Mark Carney, UN Climate Envoy and former Bank of England Governor, said: “By providing a global threshold standard for credible, transparent, high-integrity carbon credits the Integrity Council’s new Core Carbon Principles will support the net zero transitions of companies and the reduction of global emissions while providing much-needed financing to projects in emerging and developing economies and to Indigenous Peoples.”

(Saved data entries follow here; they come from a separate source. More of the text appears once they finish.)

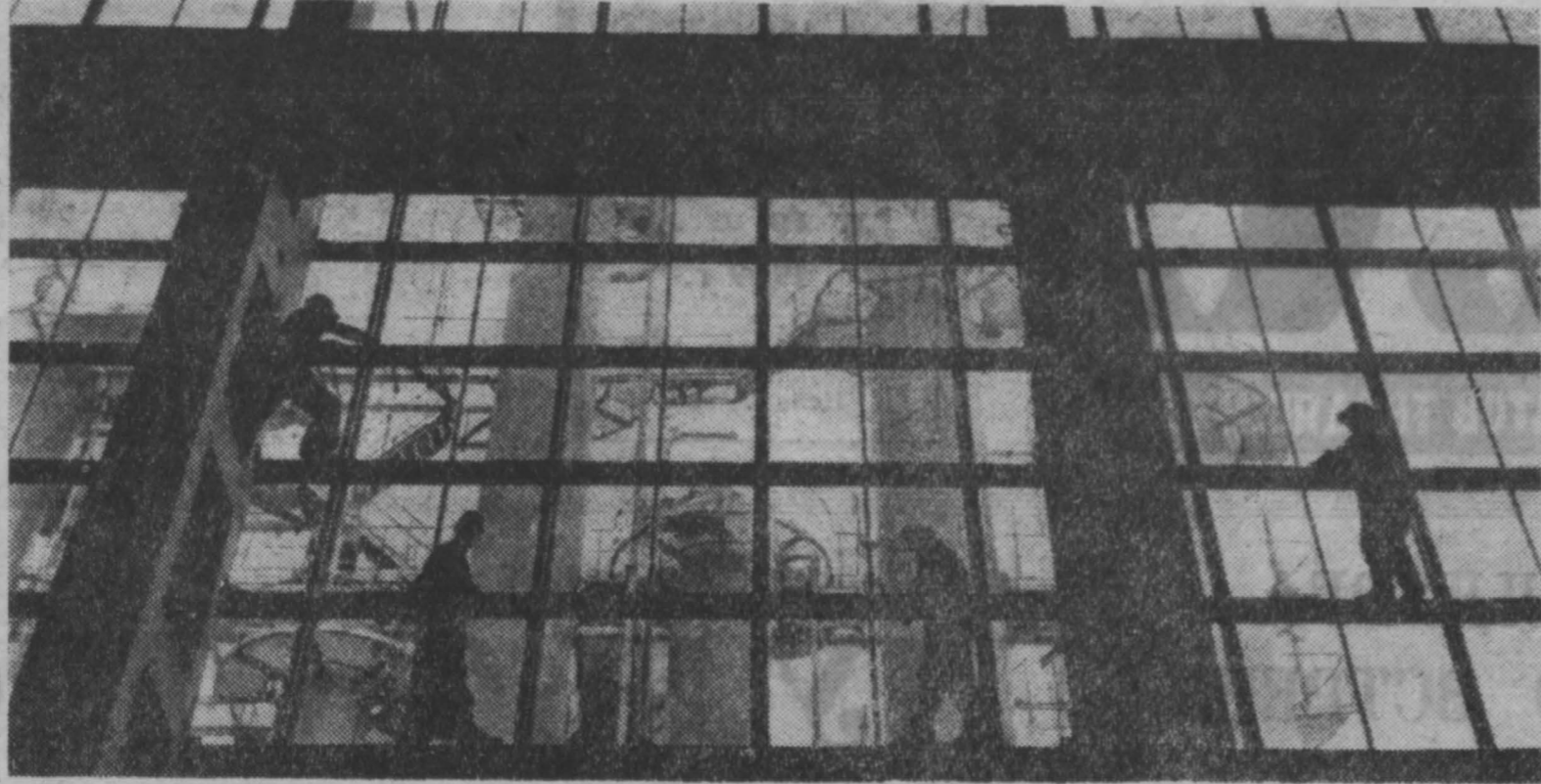
ВОЛОГОДСКАЯ ОБЛАСТЬ. Полным ходом идет монтаж технологического оборудования на строительстве Череповецкого азотного завода.

Сто студентов-заочников филологического факультета выжили на госэкзаменах. Впервые институт выпускает так много преподавателей русского языка и литературы.
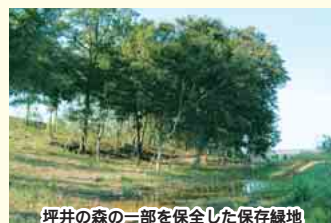
坪井の森の一部を保全した保存緑地

た。しかし、「環境と共生するまちづくり」という市や都市再生機構の取り組みを知り、地元の私たちが見届けていきたいと思い、この活動を始めました。現在会員数は25人。毎週火曜日に、保存緑地の手入れや植物の移植、観察会などを行っています。新しくできるまちに住む皆さんも、この坪井の自然を大切に思い、活動に参加してくれたらいいですね。
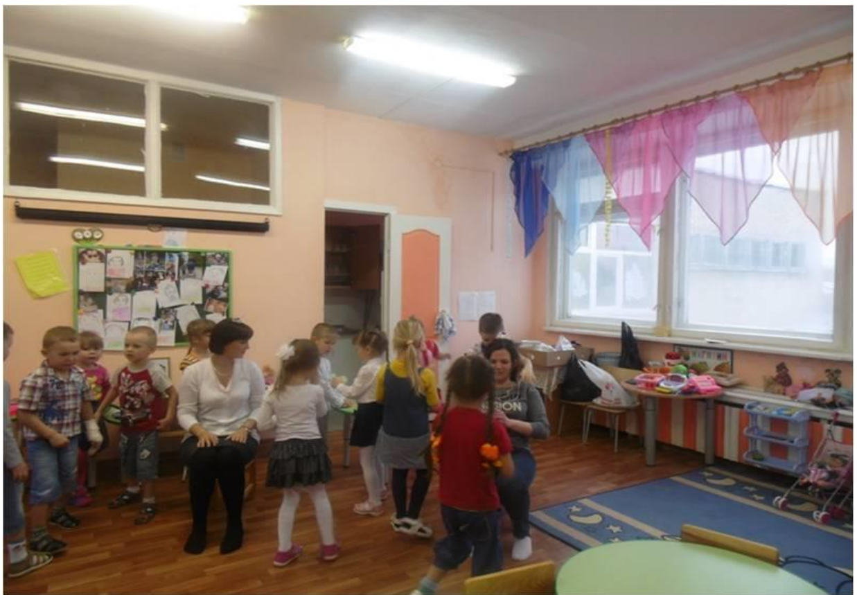
Оценивают свою работу.

The voluntary carbon market sold more than $1 billion of credits in the first 11 months of 2021 funding the reduction of nearly 300 million tonnes of emissions, up from $310 million and 72 million tonnes in 2020.[3] The market could be worth $50 billion by the end of the decade with the potential to cut emissions by up to 2 billion tonnes by 2030 and 13 billion by 2050[4]. The UN says that to have any chance of limiting global warming to 1.5°C, annual global emissions must be nearly halved from around 60 billion to 32 billion tonnes by 2030.[5]

The Integrity Council’s work to set and enforce a global benchmark for high-integrity carbon credits and to facilitate the continued improvement of the voluntary carbon market runs alongside complementary work by the Voluntary Carbon Markets Integrity Initiative. It is consulting on a Claims Code of Practice with guidance for companies on how to use carbon credits to make credible claims about their progress towards net zero commitments.

The Integrity Council is launching a two-month public consultation on its proposals, seeking feedback from parties worldwide with an interest in creating and scaling a high-integrity voluntary carbon market, from carbon-crediting programmes, mitigation-activity developers and IPLCs to buyers, investors, policy makers, academics and environmental NGOs. It aims to publish the final CCPs and Assessment Framework by the end of the year.

Pedro Martins Barata, Co-Chair of the Integrity Council’s Expert Panel, said: “We want everyone the voluntary carbon market affects to share their knowledge and expertise. We expect and embrace difference of opinion, but we all have a common interest in unlocking the significant potential of a high-integrity voluntary carbon market to help accelerate climate mitigation and sustainable development. To make this happen, we need stakeholders from across the market to come together, collaborate and co-create the CCPs and Assessment Framework.”

The consultation will be overseen by the British Standards Institute and is open until 23:59 BST on 27 September 2022. Further information, including the full documentation, will be available at the Integrity Council’s public consultation web page.